Biotechnology & Medical ResearchVerified

Zentek operates with a capital structure that includes total liabilities of CAD 3.65 million and total equity of CAD 14.75 million, resulting in a low debt-to-equity ratio of 0.05. The company's liquidity position is characterized as medium risk, with a current ratio of 1.25, indicating that it has sufficient current assets to cover its current liabilities, but with limited buffer. Free cash flow is negative at CAD -9.62 million, reflecting ongoing operational and investment cash outflows. Profitability metrics show significant underperformance relative to industry norms. Return on equity is -68.07%, and return on assets is -54.57%, both of which are well below the typical thresholds for a biotechnology firm. The company reported a net loss of CAD 10.04 million for the period, with operating income also in negative territory at CAD -9.61 million. These figures suggest that Zentek is not currently generating returns that justify its capital deployment. Zentek's revenue is concentrated in a single business segment, as disclosed in its financial statements, with no geographic diversification provided in the available data. This lack of diversification increases exposure to market-specific risks and limits the company's ability to offset losses in one area with gains in another. The company's growth trajectory is uncertain, with no clear indication of revenue expansion in the near term. Capital expenditures were CAD -184,610 for the period, suggesting limited investment in new capacity or technology. The absence of a defined growth strategy or clear path to profitability raises concerns about the company's long-term viability. Risk factors include a negative net cash position after subtracting total debt, which signals potential liquidity constraints. The company's dilution risk is currently assessed as low, with no significant changes in shares outstanding between basic and diluted shares. However, the negative free cash flow and operating cash flow of CAD -6.28 million suggest that the company may need to raise additional capital in the future, which could lead to share dilution. Recent filings and transcripts indicate that Zentek is actively pursuing partnerships and product development in the diagnostic space, but no material progress has been disclosed in the latest financial statements. The company's focus on R&D is evident, but the lack of commercialization success to date remains a key concern for investors.
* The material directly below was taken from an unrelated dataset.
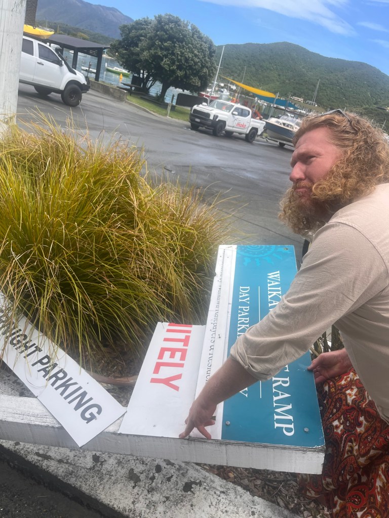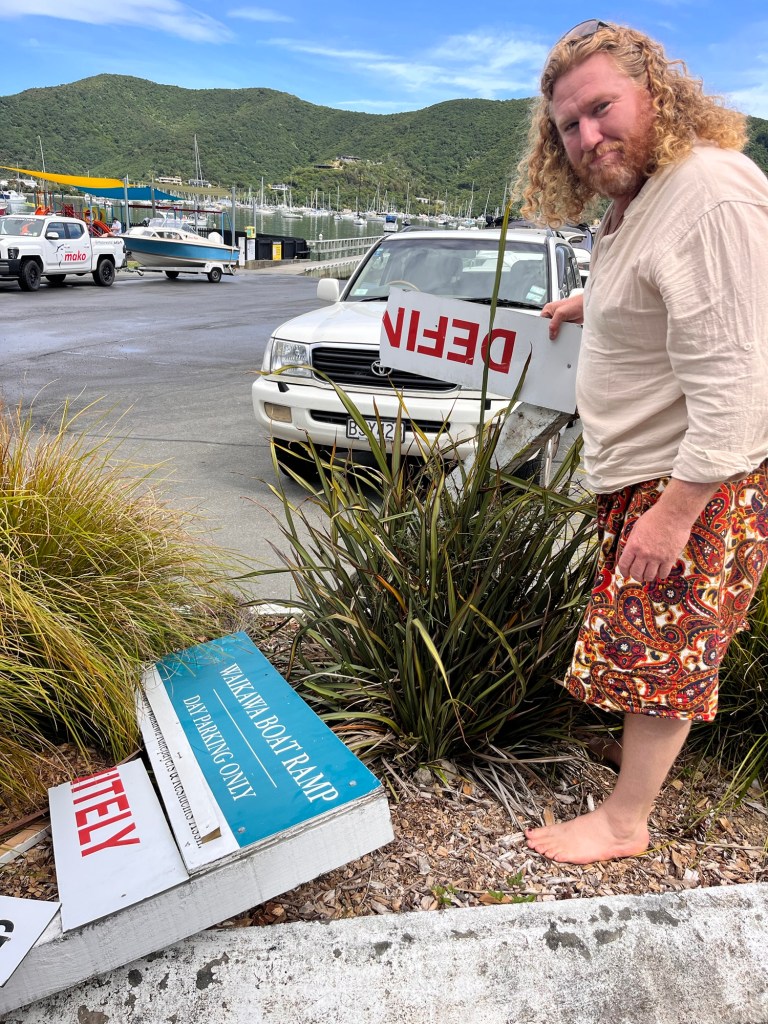 In Picton we went to the op shops then on to see if we could find our sign. The definitely no camping sign had been destroyed which was very sad. We bonded over this sign three years ago.

30-day price · ZEN+0.09 (+15.3%)
Low$0.56High$0.70Close$0.68As of4 May, 00:00 UTC
Profile
CompanyZentek Ltd
TickerZEN.V
SectorHealthcare
BusinessPharmaceuticals & Medical Research
Industry groupPharmaceuticals & Medical Research
IndustryBiotechnology & Medical Research
AI analysis

Business. Zentek Ltd is a Canadian biotechnology company focused on healthcare diagnostics, developing and commercializing diagnostic solutions for infectious diseases and chronic conditions.

Classification. Zentek is classified under the Healthcare sector, specifically in the Biotechnology & Medical Research industry, with a high confidence level of 0.92 based on verified market data.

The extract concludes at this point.